Original Publish Date : 4/12/2007
An unbridgeable gap
For those of you who remember the earlier days of finite-element analysis, the following story may seem obsolete, as much software now has the ability to define beams by included tables.

James Finkel
Engineering Manager
B.E. Wallace Products
Frazer, Pa.

Nonetheless, this is a current problem because the complexity of any design software can turn nasty, especially when the model appears simple.

Several years ago I was on the road demonstrating FE software to a rather diverse audience. One of the audience members was an older engineer who had been designing railroad bridges for years. Schooled in the use of handbooks and proprietary formulas, he could quickly generate an answer based on his set of assumptions. Curious to see the software in action, he asked that I use it to solve a simple bridge problem of his choosing.

My boss at the time, who also happened to be in the audience, understood a bridge is made of beams and that beams were a feature of the software that allowed a design to be sketched out with just a few lines. What she failed to realize was that even simple geometry has some fancy math behind it. And here the problems begin.

For each line, you need to know the beam type. This information lets you determine moments of inertia, cross-sectional area, flange distance from the centerline, beam weight per foot, beam orientation, and a few other parameters. Each parameter must be entered and attached to the geometry in the proper sequence. Making the situation just that much more amusing, the lines had to be drawn in the correct sequence to ensure the orientations were compatible. I have purposely avoided discussions of boundary conditions and joint types because these just add to the impossibility of getting "the right answer."

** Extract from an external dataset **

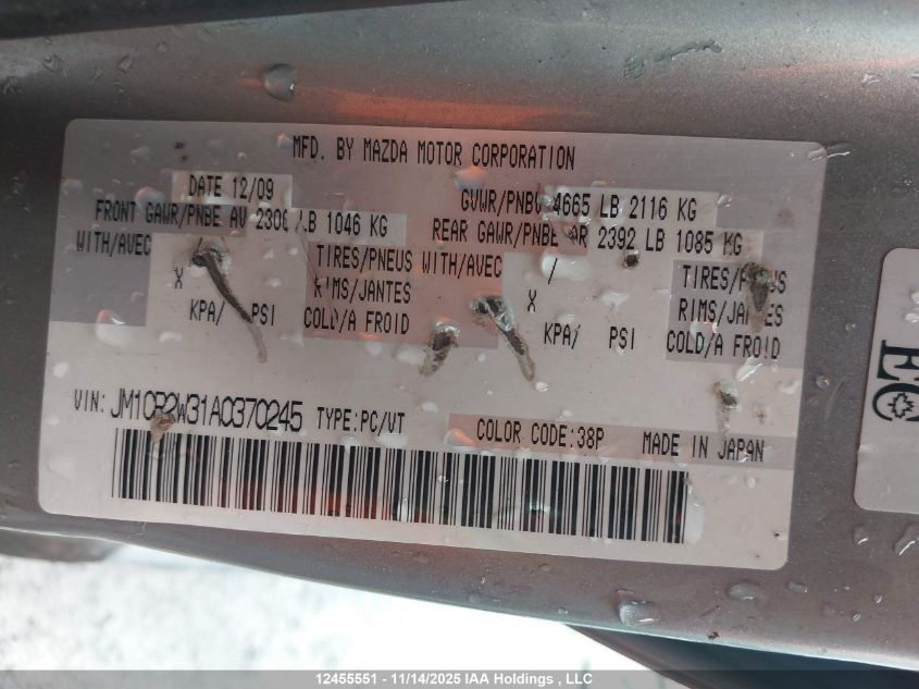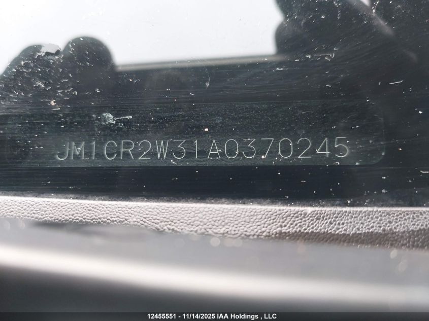 Колір СрібнийЦиліндри 4Привід Передній привідVIN JM1CR2W31A0370245Стан Заводиться та їде (перевірено)Ушкодження Ліва сторонаДата аукціону 2025-12-08 AutoRIA

Of course, I did not have the data available to generate the required parameters for the several different beams used in the bridge. Even making the bridge with just one type of beam would have been impossible to do on the spot. Had the correct data been available, the order of the parameters would have taken far too long to show in the minutes allotted for the demonstration. The worst part: The bridge engineer already knew the right answer.

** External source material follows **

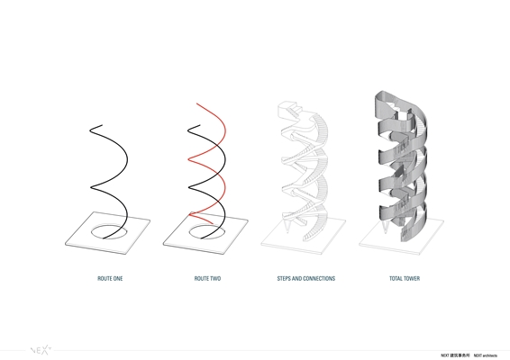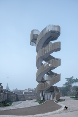 De nieuwe uitkijktoren staat op de plek waar eerder ook een stond, als onderdeel van de historische verdedigingswerken van het dorp. In het nieuwe gebouw zijn twee routes met elkaar verweven. De elkaar omarmende paden doen denken aan een gigantische Chinese drakenkolom.

So without hesitation and with a straight face I refused to run the customer's "trick" problem, much to the utter dismay of my boss. How do you frame this discussion in terms that a technically naive boss could comprehend? There are intuitive leaps from simple geometry to complex math to differing assumption sets. It would take days to explain just one of the issues, so when do you just punt? The boss failed to understand what the product could do. Worse, she did not know when to walk away from a no-win situation.

Before joining industrial-crane maker B.E. Wallace, Mr. Finkel worked for Ansys, Ansoft, Bentley Systems, Structural Research and Analysis, and Marconi (formerly FORE Systems).